**** Input for this task ****

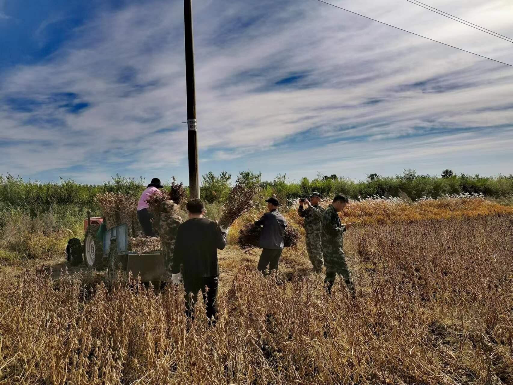 得知这一情况,9月25日,密山市援边工作队队长带着十余名队员利用周末休息时间,来到了科研所的试验田帮忙抢收大豆。由于作为科研材料的大豆选种专业化、精细化程度高,工作队就负责将专业技术人员选种、收割、打捆的大豆从地里背出来装上车。经过一上午紧张忙碌的劳动,共完成收获大豆育种选种圃的F2、F3、F4代材料,共计6000多株。
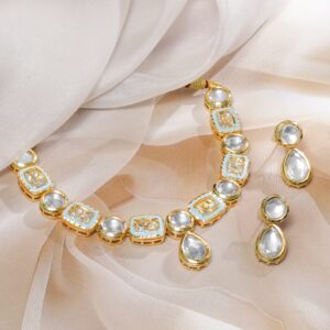 22K Gold-Plated Handcrafted White Kundan Luxe Choker Necklace Set with Pastel Blue Enamel Detailing
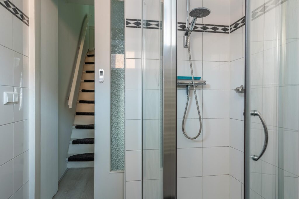 Tweede verdieping: via een vaste trap bereikt u de tweede verdieping met overloop. Hier bevinden zich twee ruime slaapkamers en een derde, kleinere kamer. Tevens is er een derde badkamer met douche en wastafel, een separaat toilet en een praktische ruimte voor de wasmachine- en drogeropstelling. Op deze verdieping is het mogelijk om een extra keuken te realiseren, aangezien de aansluitingen al aanwezig zijn – ideaal voor dubbele bewoning of verhuur.
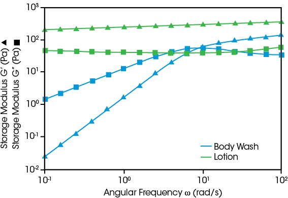 While viscosity measurements describe flow behavior, oscillatory measurements dive deeper into the underlying microstructure. Frequency Sweep measurements show body wash to be a viscoelastic liquid which flows after a short time as indicated by the frequency of the crossover of Storage Modulus G’ and Loss Modulus G”. Lotion shows Storage Modulus dominating across frequency, indicating an elastic structure that maintains emulsion stability over time.
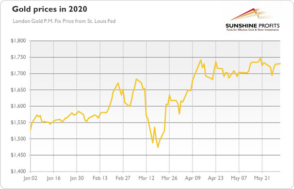 What do the riots across the US imply for the country and the gold market? Well, the civil unrest should be positive for the yellow metal. There are three reasons for this. The first and most obvious is that geopolitical risks concerning the US directly could spur the safe-haven demand for gold. We are, of course, fully aware that geopolitical factors rather do not drive the long-term trend in the gold prices, but they help in the short-term. As the chart below shows, the yellow metal has been consolidating recently around $1,700, perhaps preparing for further upward move.
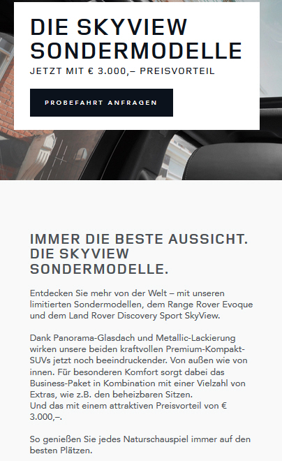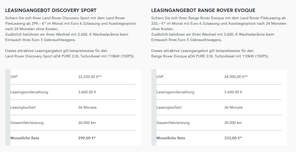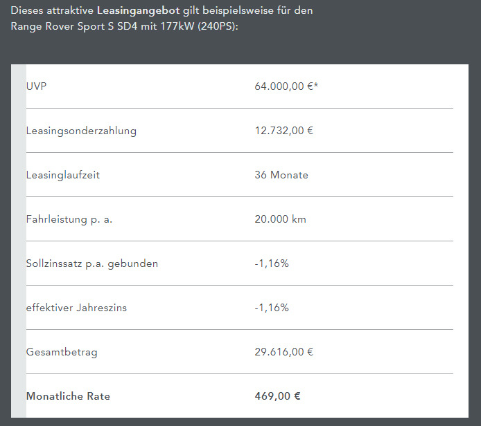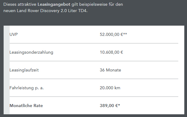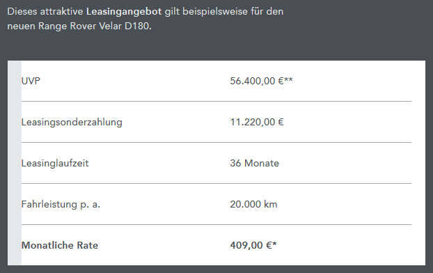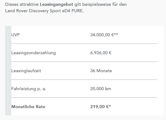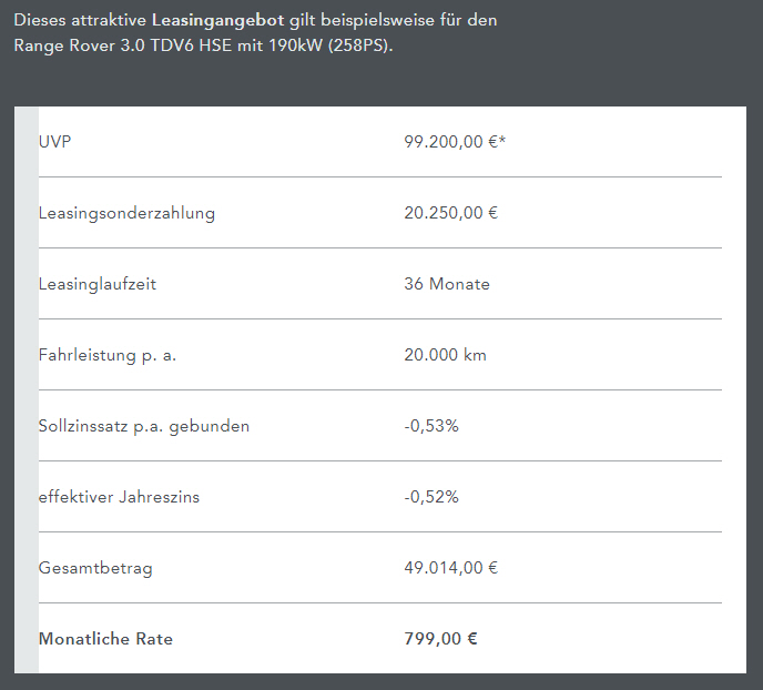 Sonderleasing, Sonderzahlung € 20.250,-, 36 Monatsraten à € 799,-, Laufleistung 60.000 km |

****

→ What is required
Up to and including the line that contains "While viscosity measurements", print the records above exactly from their first line, without any pictures.

→ Response box
 得知这一情况,9月25日,密山市援边工作队队长带着十余名队员利用周末休息时间,来到了科研所的试验田帮忙抢收大豆。由于作为科研材料的大豆选种专业化、精细化程度高,工作队就负责将专业技术人员选种、收割、打捆的大豆从地里背出来装上车。经过一上午紧张忙碌的劳动,共完成收获大豆育种选种圃的F2、F3、F4代材料,共计6000多株。
 22K Gold-Plated Handcrafted White Kundan Luxe Choker Necklace Set with Pastel Blue Enamel Detailing
 Tweede verdieping: via een vaste trap bereikt u de tweede verdieping met overloop. Hier bevinden zich twee ruime slaapkamers en een derde, kleinere kamer. Tevens is er een derde badkamer met douche en wastafel, een separaat toilet en een praktische ruimte voor de wasmachine- en drogeropstelling. Op deze verdieping is het mogelijk om een extra keuken te realiseren, aangezien de aansluitingen al aanwezig zijn – ideaal voor dubbele bewoning of verhuur.
 While viscosity measurements describe flow behavior, oscillatory measurements dive deeper into the underlying microstructure. Frequency Sweep measurements show body wash to be a viscoelastic liquid which flows after a short time as indicated by the frequency of the crossover of Storage Modulus G’ and Loss Modulus G”. Lotion shows Storage Modulus dominating across frequency, indicating an elastic structure that maintains emulsion stability over time.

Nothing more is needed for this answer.